In particular they perform much better than any of the systems created under the regime that had coined the term “computational linguistics” and preferred it to “natural language processing” because that term “did not sufficiently stress the scientific nature of the proposed enterprise.” The transition from one regime to the other happened during the 1980s. In practical terms, statistical processing has won out over scientific knowledge about linguistic mechanism.
The issues that history presents to us are as deep and profound as any before us. I am deeply sympathetic to Martin Kay’s plea on behalf of “the scientific achievements of the ages” but I can no more ignore the real and practical achievements of statistical NLP than Martin Kay did (you might want to read his piece through to the end). What the future will bring in a decade, two decades, five or six decades, that’s anyone’s guess. We don’t know.
What does this imply for DH?
The only thing I can be sure of is that the future is opaque. I will note a couple of things, however. When Kirschenbaum was reviewing the discussions that took place at the University of Virginia he mentioned that John Sowa took part in them and that he introduced knowledge representation into the discussions. Sowa is a mathematician and computer scientist who spent his career at IBM in various capacities, mostly as a researcher. Knowledge representation is one of those pesky terms that means many things to many people but is most centrally concerned about the representation of human knowledge in forms accessible to computers. As such knowledge representation was central to (classical) computational linguistics and artificial intelligence. I see precious little of (classical) knowledge representation in digital humanities though how one constructs a database or organizes a dataset can reasonably be seen as a problem of knowledge representation. And for that matter, so can data visualization.
Moreover, the machine learning techniques that are so important in computational criticism are in or are closely related to the large family of statistical techniques subsumed under natural language processing. That is to say, there is a historical line of development that starts with those early efforts at machine translation and continues in today’s statistical NLP, though obviously other lines of development feed into and have come to dominate that stream. If you want to understand how we arrived at our current situation–for a large range of values for “we” and “current situation”–you need to think about machine translation and computational linguistics.

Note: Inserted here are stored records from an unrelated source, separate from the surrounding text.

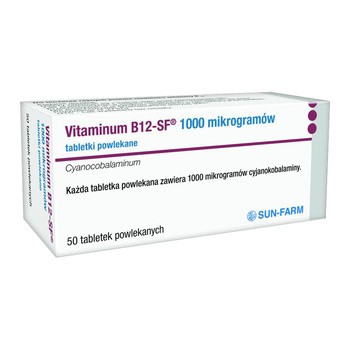Lek Vitaminum B12-SF zawiera w składzie witaminę B12 w postaci cyjanokobalaminy, ma postać tabletek powlekanych. Lek Vitaminum B12-SF jest stosowany u osób dorosłych w leczeniu niedoborów witaminy B12, który może prowadzić do różnych form niedokrwistości.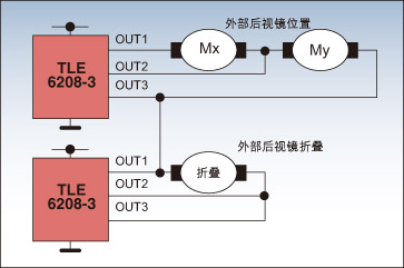 圖4: 采用TLE6208-3的后視鏡電機(jī)驅(qū)動(dòng)的例子。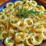 Une recette simple et délicieuse de pâtes à l’ail et à l’huile d’olive, aromatisée avec des herbes fraîches.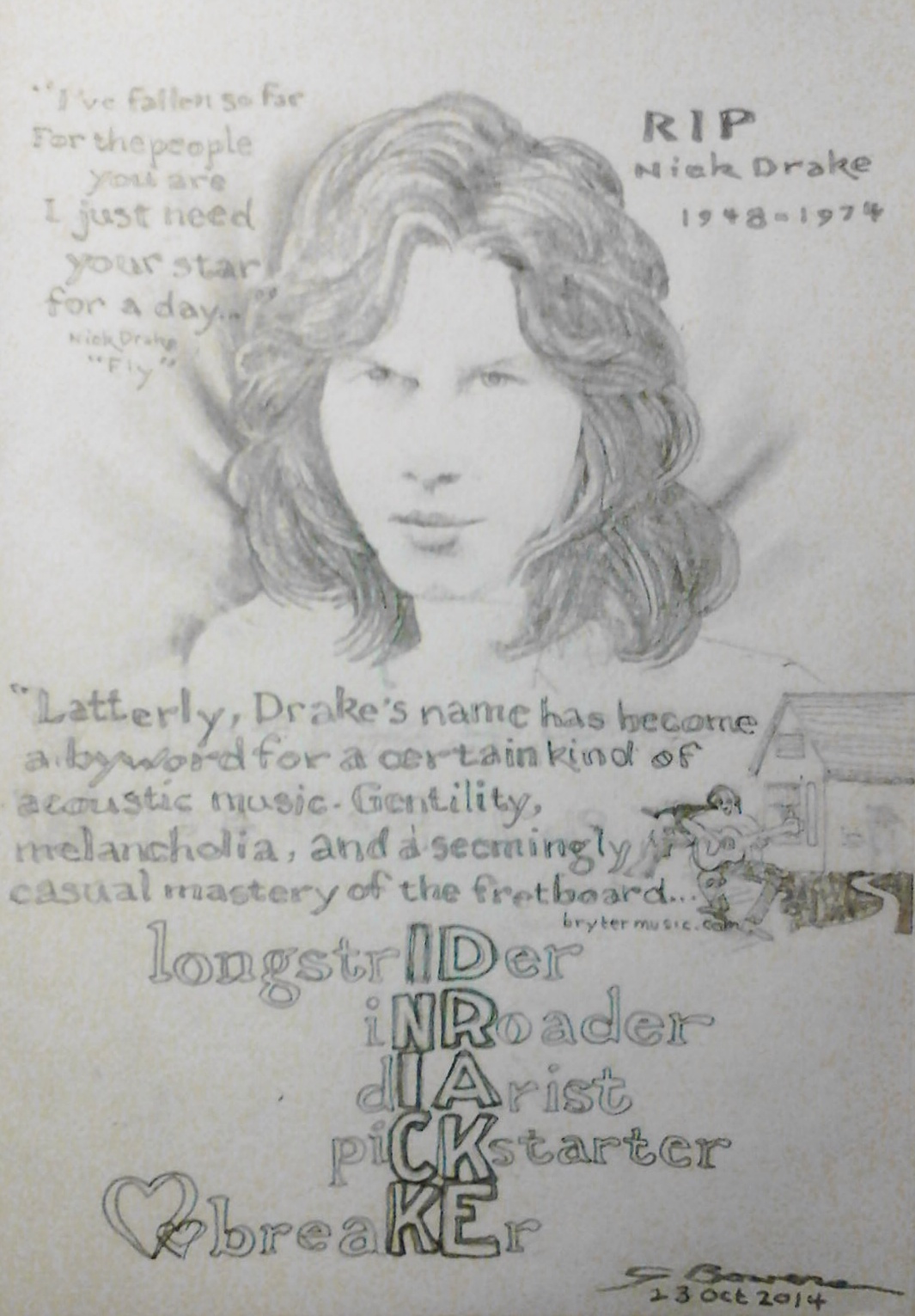 Here is the last of my “Notes from Abroad” pages, on the underappreciated and tragically elsewhere Nick Drake. It is not the first I’ve done of him, and it won’t be the last. See brytermusic.com (the official website of his estate) for more on this remarkable songwriter/musician.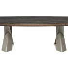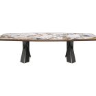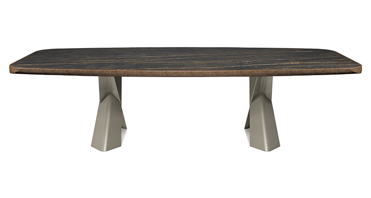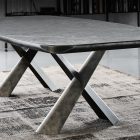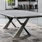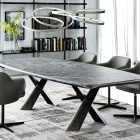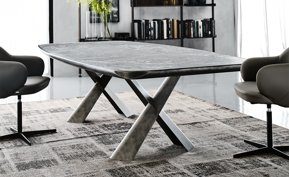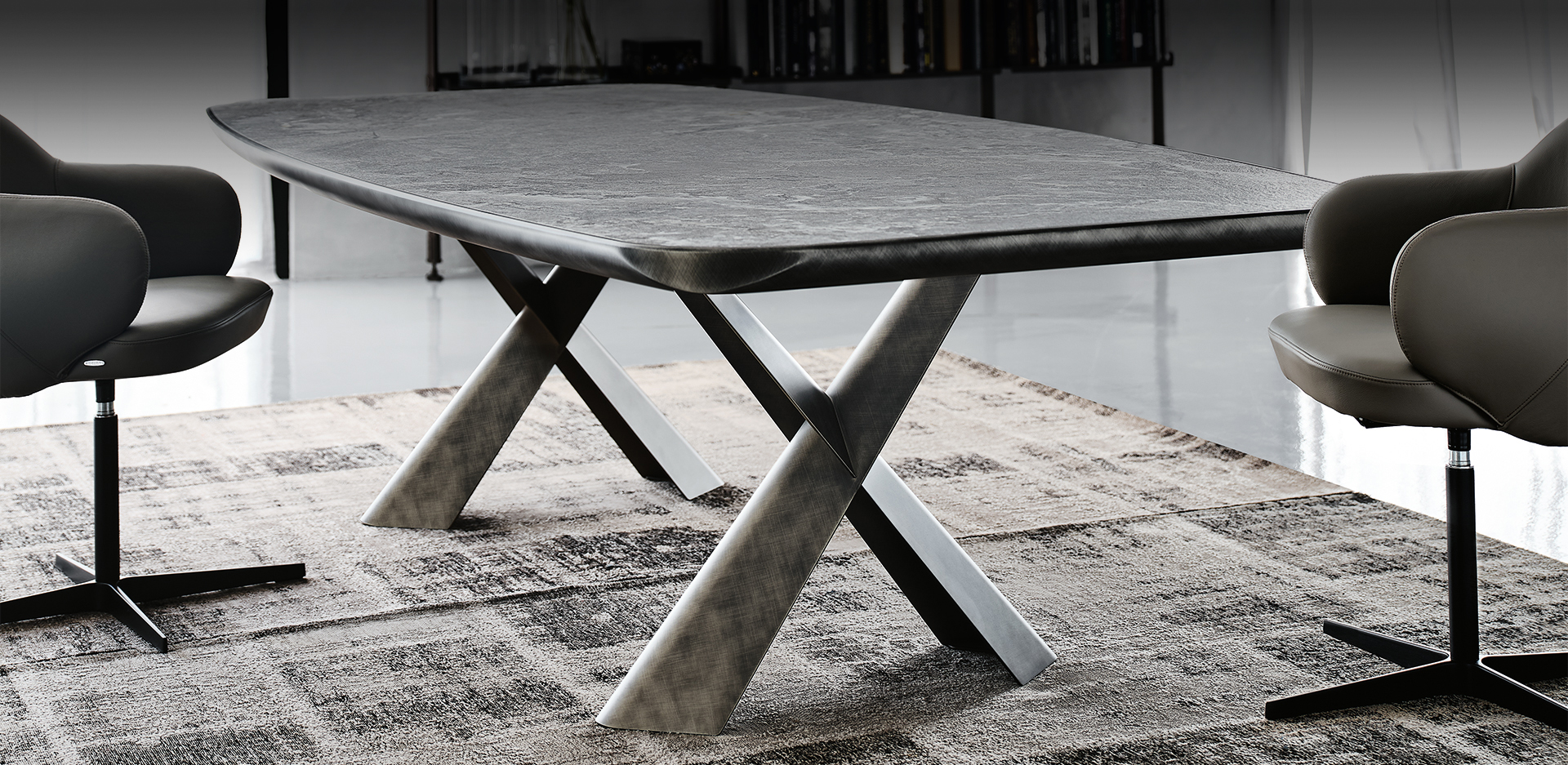 The modern tables in the Mad Max family give the dining room an inimitable, refined style. Simplicity and originality are perfectly balanced in the design of this design table, which is a timeless piece of furniture. The steel base forms two parallel Xs and supports the top in the refined versions available. Mad Max Wood is a wooden table the tops of which can be customised: with oblique or irregular edges for a more natural, wooden effect, with barrel top with beveled edges or with a rounded and painted lower frame. Or in the Masterwood version with wooden top with a richly detailed design, diagonal strips and shaped edges. Mad Max Keramik and Mad Max Keramik Premium have a top in different shades of refined ceramic, the second has a thick edge embellished with a hand-brushed finish.Lastly, Mad Max Crystalart is a glass table with a charming decorative art print.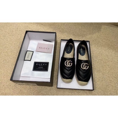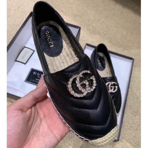 Gucci Glitter Espadrilles Black With Crystal Double G 2019

And as for neoliberalism, the term hadn’t been coined when machine translation was born. But, as I’ve noted, machine translation, and thus computational linguistics, was born deep in the Cold War and in intimate contact with military purposes. David Hays told me that during his early years at RAND half of RAND’s budget came from a single Air Force contract and that the work order for that contract was simple: to do work for the good of the nation. Does anyone get a grant with such generous terms these days?
The world is rich a complicated. Sometimes reality does not compute.